Comme on le sait maintenant, tout cela était d’abord inefficace mais aussi mortel : en purgeant le sang des pestiférés, on les épuisait encore plus. En 1643, on pratiquait encore les saignées sur les parties proches des infections, des bubons, car on pense alors que le sang infecté reste autour de la plaie. Le principe même de circulation du sang dans le corps n’étant pas encore partout connu, après sa découverte par William Harvey, en 1628.
Des soins globalement contre-productifs, ce qui n’est pas le cas de la rigueur de l’hygiène. Dans la grande majorité, la peste était transmise par les puces, transportées de villes en villes par les animaux, notamment les rats. Ainsi, des villes plus rigoureuses sur la propreté des rues et des cimetières ont pu limiter de nouvelles vagues de peste. Un exemple parmi d’autres : à Grenoble, selon le récit du docteur Ferdinand Chavant, la mesure est prise en 1534 d’interdire les déjections dans les rues. Et, en 1551, la ville évite une vague de peste, grâce à l’hygiène et aux mesures d’isolement. Quant aux victimes, la gestion de leurs biens est délicate, souvent on brûle tout, que ça soit les tissus ou les meubles.

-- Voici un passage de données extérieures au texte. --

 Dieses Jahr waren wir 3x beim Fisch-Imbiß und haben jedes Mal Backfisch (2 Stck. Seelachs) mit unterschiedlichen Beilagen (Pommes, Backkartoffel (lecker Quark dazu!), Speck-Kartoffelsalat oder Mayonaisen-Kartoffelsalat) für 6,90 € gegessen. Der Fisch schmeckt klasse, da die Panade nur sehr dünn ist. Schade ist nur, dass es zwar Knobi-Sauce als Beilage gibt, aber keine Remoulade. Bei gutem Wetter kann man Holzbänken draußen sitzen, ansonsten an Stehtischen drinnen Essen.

Dernier et ultime recours, quand l’hygiène n’a pas suffit et que les soins sont impossibles : la religion. Dans les phases épidémiques, la plupart s’en remettait davantage à Dieu qu’à la science et priait sa clémence. Miracle exaucé en 1643 à Lyon ! Mais ce ne fut pas toujours le cas. Lors de la Peste Noire, trois siècles plus tôt en 1349, le mouvement des Flagellants devint très important. Ces adeptes percevaient la maladie comme un châtiment divin et se déplaçaient de ville en ville en se fouettant et en chantant, pour se purifier et purifier les autres.
Aujourd’hui

Aujourd’hui, avec toute notre science et notre connaissance, il n’est heureusement plus question de remèdes miracles ou de dévouement au tout-puissant. Il est question de vaccins, d’antibiotiques, d’antidouleurs, et même de respirateurs artificiels.
Si l’hygiène avait déjà été soulignée, dès l’antiquité puis le Moyen-âge, comme facteur protecteur de la santé publique, elle était évidemment beaucoup moins appliquée et applicable, sans toutes nos commodités modernes. Aujourd’hui, face à la pandémie, nous reprenons cette obsession de l’hygiène, avec les gestes barrières et gels hydro alcooliques, sans oublier toute la stérilisation des hôpitaux.

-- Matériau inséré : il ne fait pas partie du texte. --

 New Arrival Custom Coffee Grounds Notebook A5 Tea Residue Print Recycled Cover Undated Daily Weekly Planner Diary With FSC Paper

La principale différence dans les soins est évidemment le progrès scientifique et la compréhension de l’anatomie, des bactéries, des virus. Ceux-ci nous permettent aujourd’hui de développer en un an un vaccin à la Covid-19, que tous les scientifiques du millénaire précédent n’ont pas pu découvrir, faute de technologies pour la Peste. S’ajoutent à cela les nouvelles techniques médicales pour sauver des vies, et notamment le respirateur artificiel dans le contexte de la Covid-19, mais aussi tous les médicaments, si loin des concoctions à bases d’herbes et des saignées du temps de la peste bubonique.
Enfin, la mise à l’isolement, la quarantaine est peut-être la méthode la plus proche des techniques du Moyen-âge et de la Renaissance que nous avons perpétué cette année.